# Brauche Hilfe für einen Chat!



## halomania (17. Juli 2004)

tja es ist logisch das alle chats im internet mit irgendeinem programm gemacht worden sein mussen.
desshalb brauch ich hilfe.
ich will mir meinen eigenen chat basteln, weis aber nicht wie,womit, und woher!
bitte helft mir


----------



## SilentWarrior (17. Juli 2004)

Darf's auch was vorgefertigtes sein?

-> http://www.spinchat.de/


----------



## Sven Mintel (17. Juli 2004)

Ich hab auch mal meinen eigenen Chat mit PHP,JAVASCRIPT und ner DB gebaut.....der läuft sogar(naja....ab und zu haperts auch, aber was ist schon perfekt).  Im Endeffekt reicht da NOTEPAD...wenn du weisst, was du willst.


----------



## halomania (17. Juli 2004)

ja natürlich kann man das mit notepad machen/aber kann ich mir nicht schon mal ein template holen irgendwo, was ich dan ändern kann?

spinchat kenn ich schon!


----------



## Sven Mintel (17. Juli 2004)

Ich denk du willst deinen eigenen Chat basteln.....und nicht neue Suppe in nen alten Topf kippen


----------



## SilentWarrior (17. Juli 2004)

> Ich denk du willst deinen eigenen Chat basteln.....und nicht neue Suppe in nen alten Topf kippen


Wo er recht hat, hat er recht. 

Btw: Gratulation zum 2000. Post!


----------



## Sven Mintel (18. Juli 2004)

> _Original geschrieben von SilentWarrior _
> *Btw: Gratulation zum 2000. Post!  *


 ....:sad: für nen Jubiläumsposting hätte ich mir vielleicht was Netteres aussuchen sollen.....trotzdem Danke


----------



## davedigital (21. Juli 2004)

Kann mir bitte jemand sagen, wie man nur mittels HTML/Javascript den Refresh der MItteilungen hinbekommt. Die Seite ständig zu aktualisieren wär ja keine saubere Lösung...


----------



## KristophS (21. Juli 2004)

Möglicherweise mit einer Schleife die alle x Sekunden aktualierst?
Zum Aktualiesieren gibt es auch eine Funktion ,glaube ich zumindest.
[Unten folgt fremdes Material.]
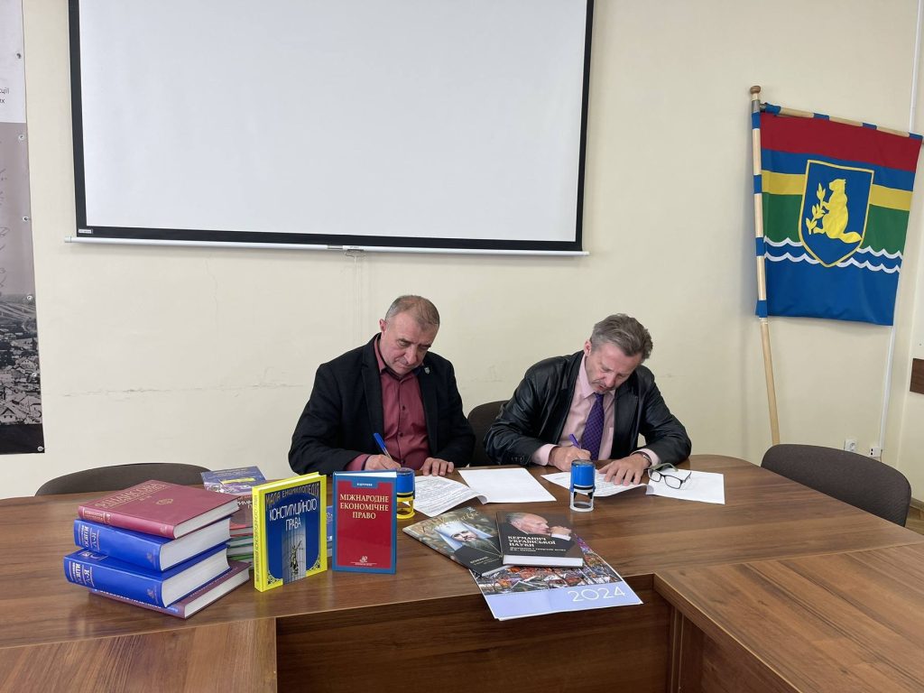 На завершення візиту, ректор Юрій Бошицький передав для бібліотек та шкіл Бібрської міської територіальної громади юридичну літературу в рамках нового спільного проєкту КУП НАНУ та столичним видавництвом «ЮРІНКОМІНТЕР». Даний проект має назву – «Популяризація юридичної освіти та професії в колах учнівської молоді України».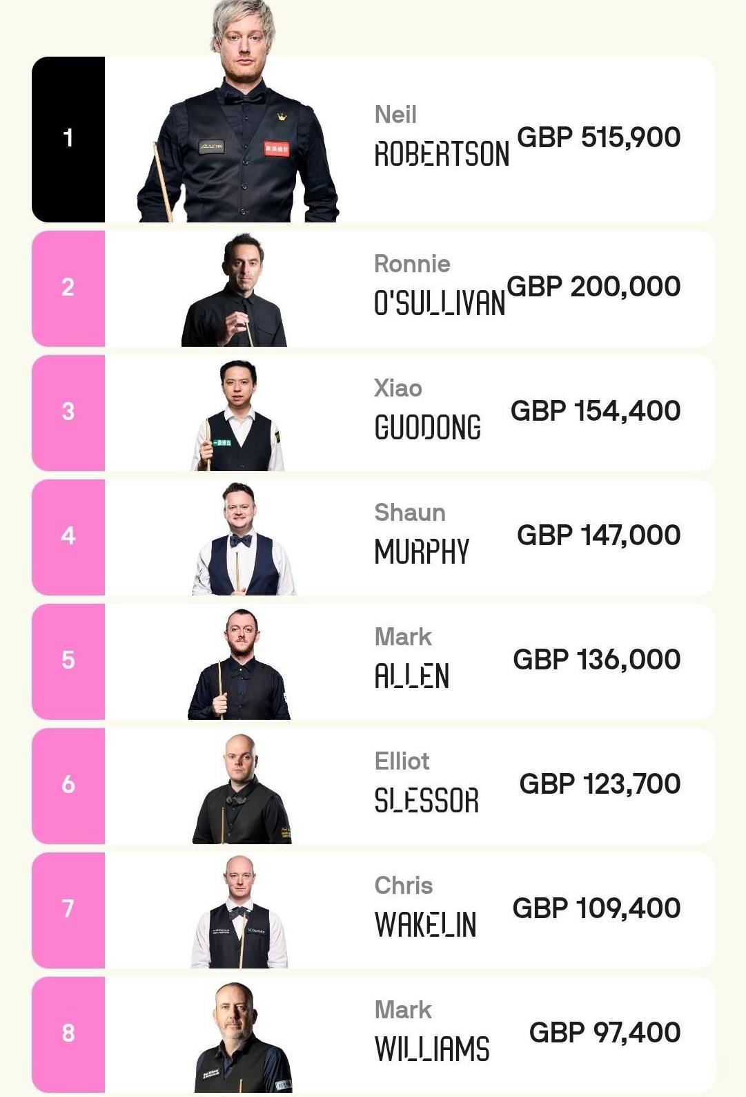 7位中国球员打进西安大奖赛32强,分别是丁俊晖、周跃龙、斯佳辉、吴宜泽、吕昊天、袁思俊和贺国强。综合前几站的成绩,单赛季排名最高的却是最不被大家看好的周跃龙。 周跃龙在英格兰公开赛惜败小钢炮拿到亚军,本次比赛截止目前来看状态又非常好,很有机会再次获得好成绩。 另外其他几人里面,丁主任也恢复了些状态,吴宜泽和斯佳辉虽然打球有点毛糙,但仍然是最有希望走到最后的球员。

Allerdings würde ich den Chat irgendwie unabhängig(Iframe?) von der Seite laufen lasse da bei einer andauerenden Aktualiersung ,wohl der Traffic ins  Immense steigt.

Eine ganz andere Sache:
Bist du dir sicher das du einen Chat machen willst ,wenn du bei solchen Sachen scheiterst?


----------



## davedigital (21. Juli 2004)

@KristophS: Ich will ja keinen Chat machen.. ;-)

na sicher gibt es die Möglichkeit den Chat über einen Metatag oder über Javascript neu zu laden. Doch dies müsste doch mindestens einmal pro Sekunde geschehen um einen halbwegs flüssigen Textaustausch zu gewährleisten - doch: Der Browser ist dann ja nur noch mit dem Laden der Seiten beschäftigt. Wie machen das die "richtigen" Chats?


----------



## Sven Mintel (21. Juli 2004)

Die "richtigen" Chats laufen mit Java...dort ist es möglich, Daten an den Browser zu senden, falls es was neues gibt.
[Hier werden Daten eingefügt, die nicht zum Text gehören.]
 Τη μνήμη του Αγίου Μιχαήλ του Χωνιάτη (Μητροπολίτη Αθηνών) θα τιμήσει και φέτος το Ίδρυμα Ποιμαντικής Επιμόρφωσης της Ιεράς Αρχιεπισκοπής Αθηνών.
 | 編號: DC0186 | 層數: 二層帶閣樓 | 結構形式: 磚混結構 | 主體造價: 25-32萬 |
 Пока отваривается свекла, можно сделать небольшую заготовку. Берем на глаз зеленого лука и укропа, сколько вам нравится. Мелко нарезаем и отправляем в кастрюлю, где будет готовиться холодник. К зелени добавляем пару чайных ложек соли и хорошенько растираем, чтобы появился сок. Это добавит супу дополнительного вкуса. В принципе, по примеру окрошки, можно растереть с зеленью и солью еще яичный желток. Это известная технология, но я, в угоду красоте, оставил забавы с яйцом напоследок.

Mit einer PHP-Lösung bspw. geht das nicht.... da muss der Browser regelmässig Daten aus der DB abfragen...deshalb die ständige Nachfrage am Server, ob etwas neues eingegangen ist...ein refreshen oder sonstetwas in der Art ist daher unumgänglich.

Wenn du das mit PHP machen willst, kann daher die Devise nur lauten....die angeforderten Daten pro Anfrage so knapp wie möglich halten....also bspw. wie Kristoph vorschlug, den Chat in einem separarten iFrame laufen lassen.

<edit>CH=K:-(</edit>


----------



## KristophS (21. Juli 2004)

Eins habe ich an deinem Beitrag zu bemängen Fatalus:
Ich heisse Kristoph .
Das ist mir seeehr wichtig 

Zum Thema:
Es gibt auch verschiedene PHP Chats.
Per Google findest du sicher einige Lösungen ,dort kannst du auch mal schauen wie es gelöst wurde.


----------